╔══

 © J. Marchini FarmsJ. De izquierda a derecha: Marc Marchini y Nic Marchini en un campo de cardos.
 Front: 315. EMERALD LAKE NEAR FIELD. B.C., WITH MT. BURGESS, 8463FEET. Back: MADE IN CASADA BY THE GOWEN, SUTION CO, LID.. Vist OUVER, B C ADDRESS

╚══
╔══

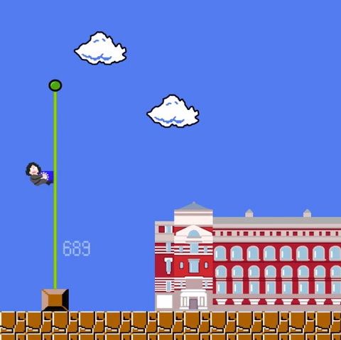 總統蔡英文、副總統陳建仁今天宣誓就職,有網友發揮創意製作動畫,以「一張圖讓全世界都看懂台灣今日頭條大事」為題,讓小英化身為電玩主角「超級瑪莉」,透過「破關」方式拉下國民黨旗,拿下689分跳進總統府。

╚══
╔══

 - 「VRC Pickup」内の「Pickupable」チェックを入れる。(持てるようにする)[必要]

╚══

Looking at the entries above, can you reproduce exactly the lines from the one that holds "campo de cardos." through the one that holds "Front: 315. EMERALD", and only those?

 © J. Marchini FarmsJ. De izquierda a derecha: Marc Marchini y Nic Marchini en un campo de cardos.
 Front: 315. EMERALD LAKE NEAR FIELD. B.C., WITH MT. BURGESS, 8463FEET. Back: MADE IN CASADA BY THE GOWEN, SUTION CO, LID.. Vist OUVER, B C ADDRESS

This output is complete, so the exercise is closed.